Suppose the following Avro schema:
[
{ "type": "enum",
"name": "POSTag",
"namespace": "com.nitro.nlp",
"symbols": ["TO", "VB", "CC", "RB"]
},
{ "type": "record",
"name": "POS",
"namespace": "com.nitro.nlp",
"doc": "Part of speech tag",
"fields": [
{"name": "id", "type": "long"},
{"name": "token", "type": "string"},
{"name": "tag", "type": "POSTag"}
]
},
{ "type": "record",
"name": "ParsedPDF",
"namespace": "com.nitro.nlp",
"doc": "Parsed PDF",
"fields": [
{"name": "text", "type": "string"},
{"name": "pos", "type": { "type": "array", "items": "POS" } }
]
}
]
Then, let's create an RDD and try to do a predicate on the "pos" array from the ParsedPDF object:
ParquetInputFormat.setReadSupportClass(job, classOf[AvroReadSupport[ParsedPDF]])
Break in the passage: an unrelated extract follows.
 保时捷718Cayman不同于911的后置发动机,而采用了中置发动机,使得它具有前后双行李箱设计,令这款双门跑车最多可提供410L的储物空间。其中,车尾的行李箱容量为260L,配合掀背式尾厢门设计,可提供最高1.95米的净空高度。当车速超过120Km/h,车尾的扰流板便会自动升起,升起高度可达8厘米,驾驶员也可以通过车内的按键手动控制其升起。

val rdd = sc.newAPIHadoopFile(path, classOf[ParquetInputFormat[ParsedPDF]],
classOf[Void], classOf[ParsedPDF], job.getConfiguration
). map(_._2) // drop Void key
val projection = Projection[ParsedPDF](_.getText)
AvroParquetInputFormat.setRequestedProjection(job, projection)
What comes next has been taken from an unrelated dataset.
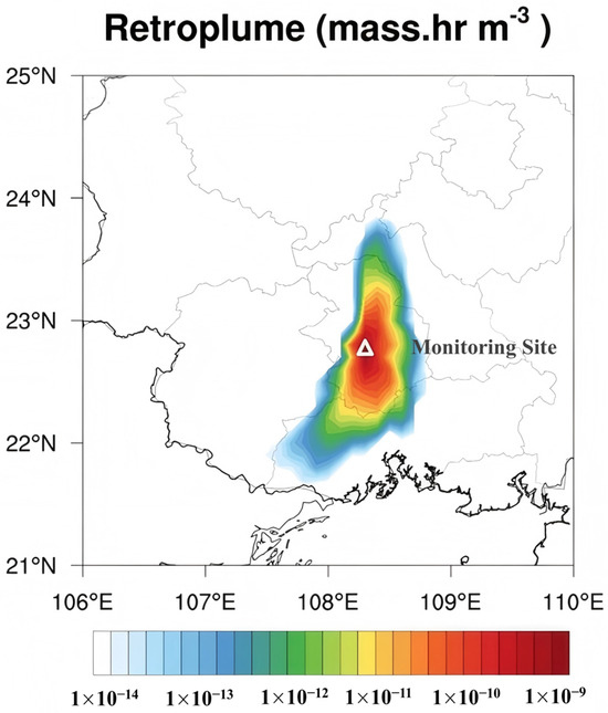 Using the Lagrangian Particle Dispersion Model (LPDM), a 3 h back-trajectory analysis was conducted for the time periods corresponding to source-affected concentrations. The air mass trajectories represent the probability distribution of air parcels transported through the atmosphere to the receptor site. The simulation results, as depicted in Figure 5 and Figure 6, indicate that the primary air mass sources affecting Nanning were from the north and south directions.

val results = rdd.map(_.toString).collect().mkString("\n")
println(s"Projection of text field only: $results")
This fails the following way:
Error:(100, 41) exception during macro expansion:
java.lang.RuntimeException: Unsupported value type: ARRAY
at me.lyh.parquet.avro.Predicate$.applyToPredicate$1(Predicate.scala:137)
at me.lyh.parquet.avro.Predicate$.parse$1(Predicate.scala:162)
at me.lyh.parquet.avro.Predicate$.buildFilterPredicate(Predicate.scala:169)
at me.lyh.parquet.avro.Predicate$.applyImpl(Predicate.scala:17)
val predicate = Predicate[ParsedPDF](x => x.getPos.exists(i => i.getTag == POSTag.CC))
^
Is array support not available? If so, what's the list of Avro types that are currently supported?
Is there a plan to add array support to predicates?
Thanks!
Marek Kolodziej